__Data entries__
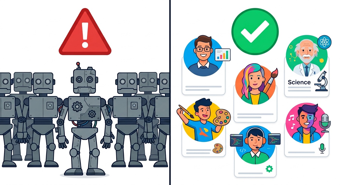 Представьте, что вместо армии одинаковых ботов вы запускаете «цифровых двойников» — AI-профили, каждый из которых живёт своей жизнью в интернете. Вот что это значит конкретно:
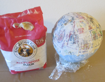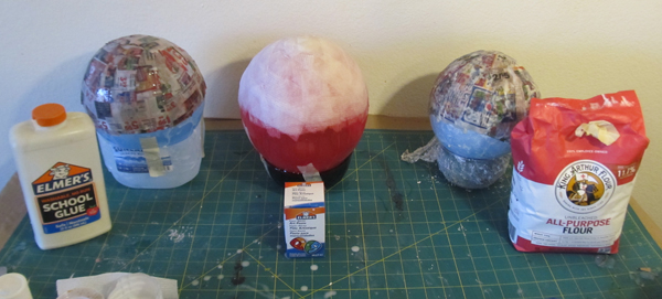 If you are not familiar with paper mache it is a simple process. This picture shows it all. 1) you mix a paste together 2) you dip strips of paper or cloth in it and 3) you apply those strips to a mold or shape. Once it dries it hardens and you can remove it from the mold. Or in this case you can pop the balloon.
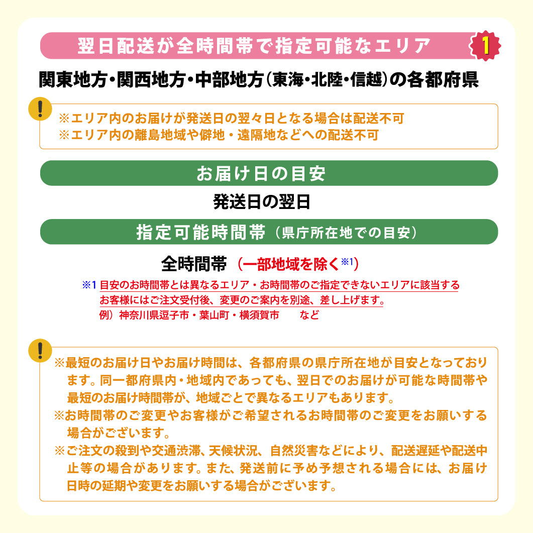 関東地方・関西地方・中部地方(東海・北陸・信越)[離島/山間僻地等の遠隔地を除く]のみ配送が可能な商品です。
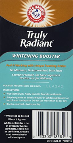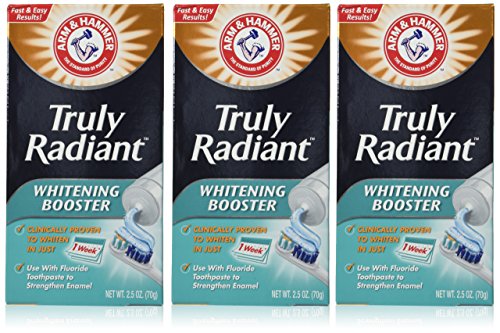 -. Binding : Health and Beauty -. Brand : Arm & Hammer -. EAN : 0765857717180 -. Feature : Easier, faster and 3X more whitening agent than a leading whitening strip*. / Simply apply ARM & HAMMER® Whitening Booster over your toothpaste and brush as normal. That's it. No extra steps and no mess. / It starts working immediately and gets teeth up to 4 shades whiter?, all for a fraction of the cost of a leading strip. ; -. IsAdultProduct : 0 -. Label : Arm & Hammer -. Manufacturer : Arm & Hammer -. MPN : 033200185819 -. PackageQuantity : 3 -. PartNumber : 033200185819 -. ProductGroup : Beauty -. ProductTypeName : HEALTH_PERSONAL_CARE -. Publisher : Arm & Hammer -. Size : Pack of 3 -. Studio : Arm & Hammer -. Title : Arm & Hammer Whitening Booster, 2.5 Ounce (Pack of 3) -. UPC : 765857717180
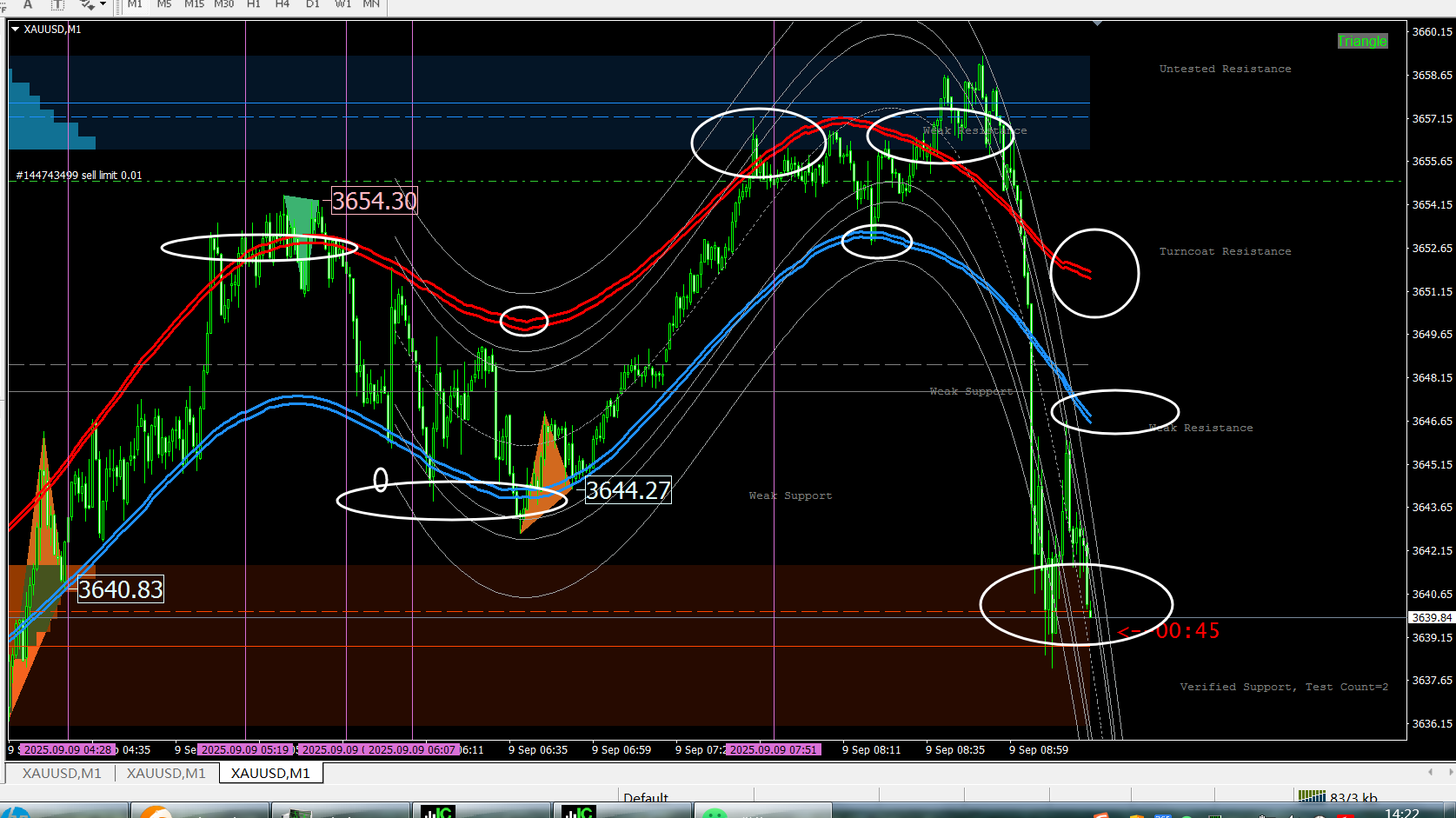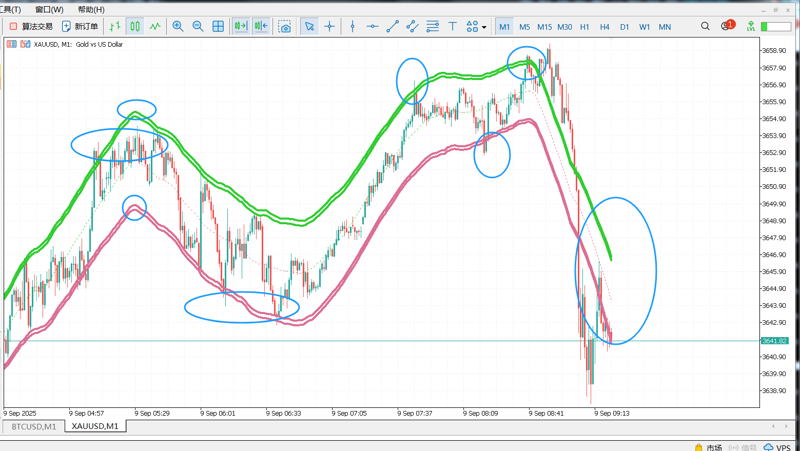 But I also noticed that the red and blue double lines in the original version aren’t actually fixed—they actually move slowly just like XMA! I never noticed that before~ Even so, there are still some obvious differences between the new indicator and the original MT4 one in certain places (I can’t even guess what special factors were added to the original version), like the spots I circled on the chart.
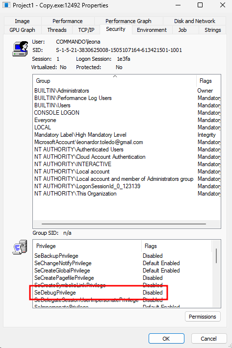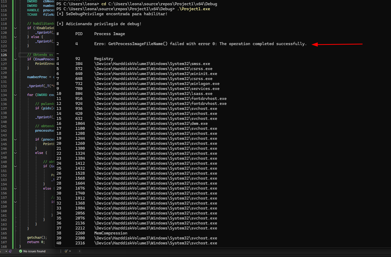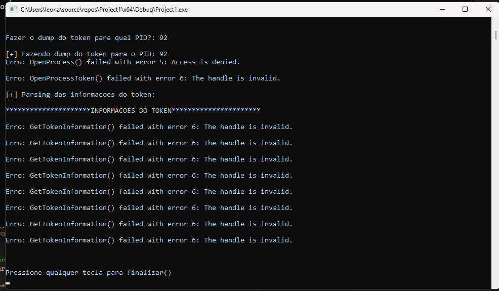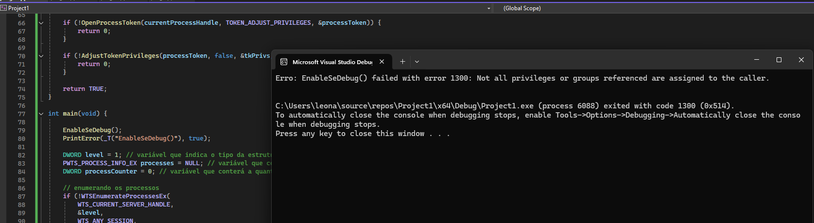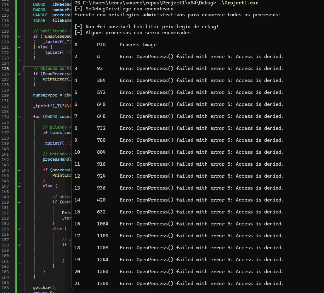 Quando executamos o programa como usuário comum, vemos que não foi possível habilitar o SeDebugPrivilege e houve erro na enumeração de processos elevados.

__Problem statement__
Please copy out the entries above exactly as they appear, but skip their images.

__Result__
 Представьте, что вместо армии одинаковых ботов вы запускаете «цифровых двойников» — AI-профили, каждый из которых живёт своей жизнью в интернете. Вот что это значит конкретно:
 If you are not familiar with paper mache it is a simple process. This picture shows it all. 1) you mix a paste together 2) you dip strips of paper or cloth in it and 3) you apply those strips to a mold or shape. Once it dries it hardens and you can remove it from the mold. Or in this case you can pop the balloon.
 関東地方・関西地方・中部地方(東海・北陸・信越)[離島/山間僻地等の遠隔地を除く]のみ配送が可能な商品です。
 -. Binding : Health and Beauty -. Brand : Arm & Hammer -. EAN : 0765857717180 -. Feature : Easier, faster and 3X more whitening agent than a leading whitening strip*. / Simply apply ARM & HAMMER® Whitening Booster over your toothpaste and brush as normal. That's it. No extra steps and no mess. / It starts working immediately and gets teeth up to 4 shades whiter?, all for a fraction of the cost of a leading strip. ; -. IsAdultProduct : 0 -. Label : Arm & Hammer -. Manufacturer : Arm & Hammer -. MPN : 033200185819 -. PackageQuantity : 3 -. PartNumber : 033200185819 -. ProductGroup : Beauty -. ProductTypeName : HEALTH_PERSONAL_CARE -. Publisher : Arm & Hammer -. Size : Pack of 3 -. Studio : Arm & Hammer -. Title : Arm & Hammer Whitening Booster, 2.5 Ounce (Pack of 3) -. UPC : 765857717180
 But I also noticed that the red and blue double lines in the original version aren’t actually fixed—they actually move slowly just like XMA! I never noticed that before~ Even so, there are still some obvious differences between the new indicator and the original MT4 one in certain places (I can’t even guess what special factors were added to the original version), like the spots I circled on the chart.
 Quando executamos o programa como usuário comum, vemos que não foi possível habilitar o SeDebugPrivilege e houve erro na enumeração de processos elevados.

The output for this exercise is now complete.